The Typesense Search extension provides a search index manager and a search provider (it both feeds the search index and retrieves search results).
You need a Typesense Search server to use the Typesense Search provider. For improved search results, you can optionally use a Tika server for file data extraction. You can install Typesense on your own server, or you can use the Typesense Cloud hosted service.
The Nucleus search system is built to support a variety of search services. The Nucleus search system consists of:
The Typesense Search extension provides a search index manager and a search provider, so it can populate your Typesense Search index, and query it for search results.

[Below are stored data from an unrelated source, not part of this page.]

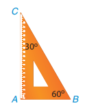 Quan sát ê ke có góc \(60^\circ \) (H.9.2). Kí hiệu đỉnh góc vuông là A, đỉnh góc \(60^\circ \) là B và đỉnh góc \(30^\circ \) là C.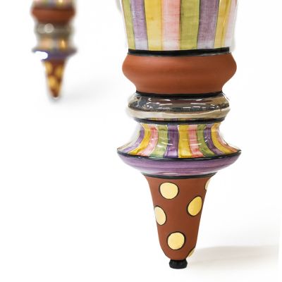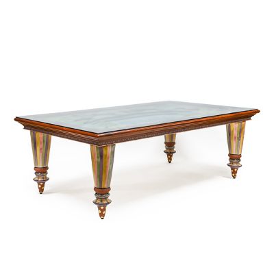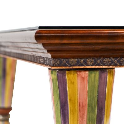 Seated at our Diorama Dining Table for 6, guests are treated to a three-dimensional bird’s eye view of Cayuga Lake and the farmlands that surround our studio. The “diorama,” hand-painted by our artisans on three wood layers, is protected by a clear glass top and framed in hand-finished cherry wood. The table rests on hand-glazed, hand-painted ceramic legs, also made here on the farm. Allow 16 weeks for delivery of this meticulously crafted masterwork.
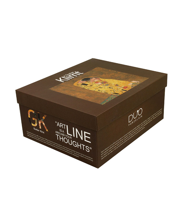 Set od dvije šolje od 250ml sa tanjirićima THE KISS Gustava Klimta iz serije Art Gallery, od New Bone China porcelana, koji karakteriše elegantna i prirodna krem-bela boja sa delikatnim sjajem, kao kao i izuzetna izdržljivost. Linija je izrađena od bijelog porculana, iznutra je ukrašena reprodukcijom slike "Poljubac" Gustava Klimta. Topla bronzana paleta u kombinaciji sa svetlucavim zlatom daje celini izuzetno elegantan karakter i zadovoljava ukuse ne samo ljubitelja slikarske umetnosti. Cijeli set u ukrasnoj kutiji ukrašenoj istim motivom odlična je ideja za originalan poklon. Slika "Poljubac" Gustava Klimta iz 1908. pripada trendu bečke secesije. Rad je nastao upotrebom zlatnih ljuskica i prikazuje par izgubljen u zagrljaju pune ljubavi, koji se naginje poljupcu. Slika pripada tzv zlatna serija koja je slikaru donela najveću popularnost.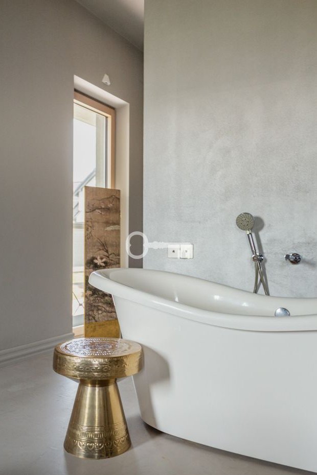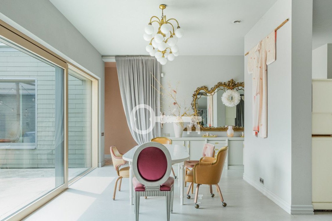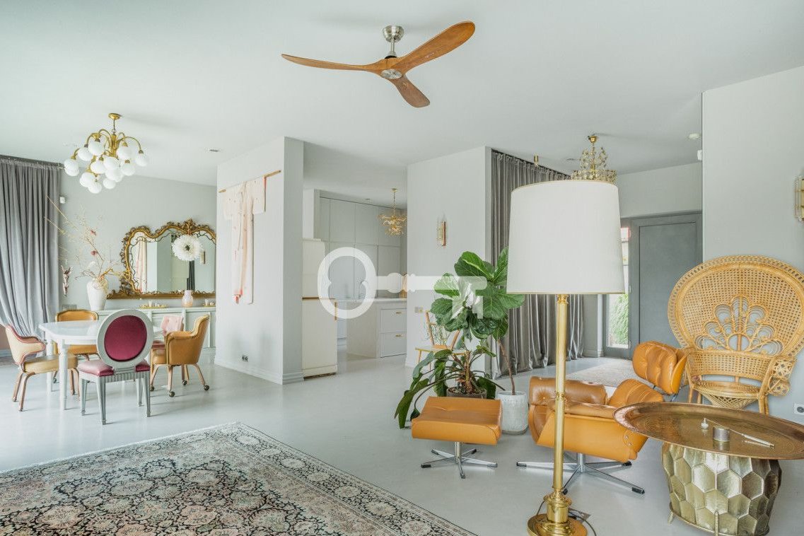 Wnętrze charakteryzuje się ciekawym designem - łączącym to co minimalistyczne i nowoczesne z nutą klasyki oraz elementami kultury wschodu. Wyróżnić również warto przemyślany rozkład: skupiający swoją uwagę na centralnej części dziennej i dający oddech w dwóch skrzydłach prywatnych. Wysokość pomieszczeń oraz duże, panoramiczne okna łączące wnętrza z ogrodem dają poczucie przestrzeni.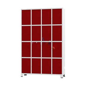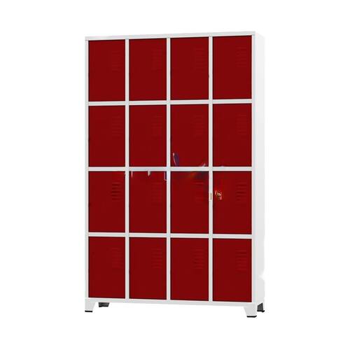 CONEXÃO OFFICEArmário Roupeiro de aço para vestiário,ideal para academias, surpermercados, empresa e para uso geral. Produzido em aço chapa 26 0,45mm de alta qualidade com tratamento anti-ferruginoso, o acabamento em sistema de pintura eletrostática a alta temperatura epóxi, tambem garante maior durabilidade da cor e resistencia a ferrugem. Possui 16 portas com venezianas para ventilação, compartimentos de tamanhos médios independentes sem divisórias internas, que garante que você consiga armazenar itens como bolsas, mochilas e entre outros. O fechamento das portas é através de CHAVE Características- Quantidade de Portas: 16- Cor: Corpo Cinza / Portas Vermelhas- Chapa: 26 / 0,45mm- Medida das Portas/ Vãos: 046Alt x 027Larg- Sistema de Ventilação: Veneziana- Fechamento: CHAVE- Quantidade de cabides por porta: 0- Pés removíveis: Não- Desmontável: Não ( Exceto portas que podem ser trocadas ).- Pintura: Epóxi Pó- Imagens meramente ilustrativas.- As cores podem apresentar variações de tonalidade.ALTURA: 197cmLARGURA: 122cmPROFUNDIDADE: 36cmPESO: 50kgEspecificação de chapa e acabamento: Roupeiro produzido em chapa de aço tratada com antiferruginoso por fosfatização e pintura epóxi-pó por processo eletrostático.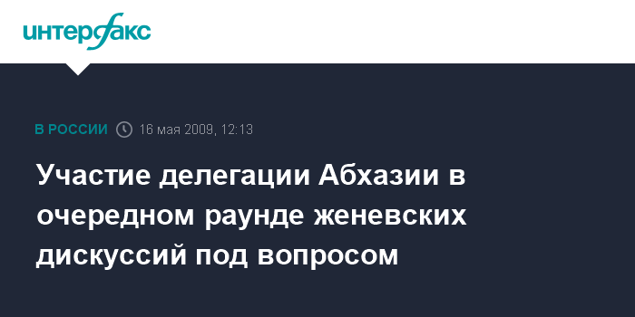 Москва. 16 мая. INTERFAX.RU - Вопрос участия абхазской делегации в очередном раунде международных дискуссий в Женеве по безопасности в Закавказье, запланированные на 18-19 мая, остается пока открытым.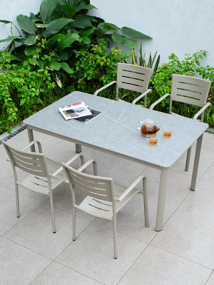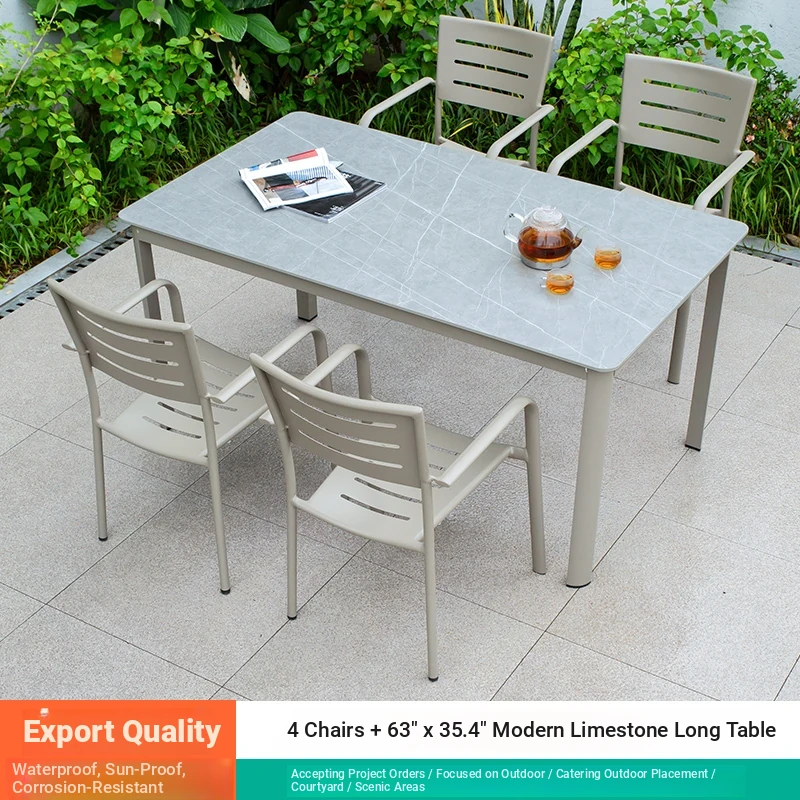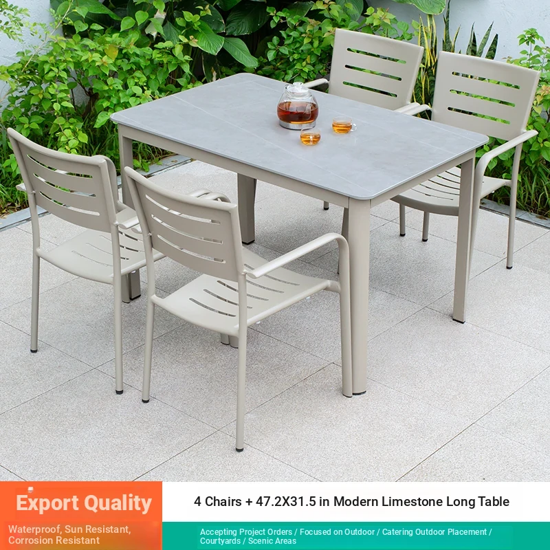 4+1: aluminum alloy flat tube chair + [47.24in*31.50in modern limestone board long table]](4+1: aluminum alloy flat tube chair + [47.24in*31.50in modern limestone board long table]])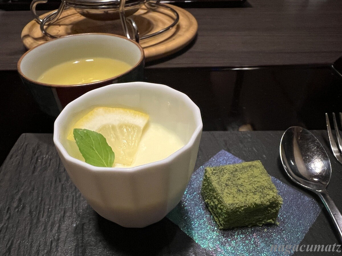 デザートのレモンプリン、抹茶わらび餅

The Typesense Search extension settings are accessed in the Manage
control panel.
When creating each index entry, the Typesense index provider:
Typesense Server Url | Enter the domain name or address of the Typesense Search server, including the scheme (http: or https:) and port. The default port is 8108. |
Index Name | Enter an index name (in Typesense this is called a 'Collection Name'). The index is created automatically. |
Api Key | Enter your Typesense API key. |
Tika Server Url | Enter your Tika server address, including the scheme (http: or https:) and port. The defaukt port is 9998. If you leave this value empty, search feeds will still work, but most file contents will not be included in the index, only meta-data. |
Attachments Size Limit | You can specify an upper size limit (in mb) for documents which are submitted to the index. Documents which are larger than the size limit will have index entries containing meta-data only. To specify no limit, enter zero (0). |
Indexing Pause | You can specify an pause in-between each indexing operation (in seconds), or zero for no pause. See additional information below. |
Boost Settings | You can increase or decrease the boost for some search index fields. This influences the relevance of a document when you are searching, and results are sorted by relevance. The default boost value for all fields is 1. |
- Title | Boost the page title, or the file name for files. |
- Summary | Boost the page summary (not relevant for files). |
- Categories | Boost categories. Page and file index entries do not currently set categories, but modules may set one or more categories for an index entry. |
- Keywords | Boost page keywords (not relevant for files). |
- Content | Boost the page or file content. If you are using Tika for content extraction, your index will contain the content from many file formats, including office documents and PDFs. |
The first time that you create a Typesense index, it may take a long time (several minutes), and you may get a timeout error message. This is because Typesense automatically downloads the 'gte-large' model that we use for vector embeddings if it not already present. It is a good idea to click the 'Get Index Count' button - which has a side-effect of automatically creating your index - to initiate the download process right away instead of waiting for the search feed task.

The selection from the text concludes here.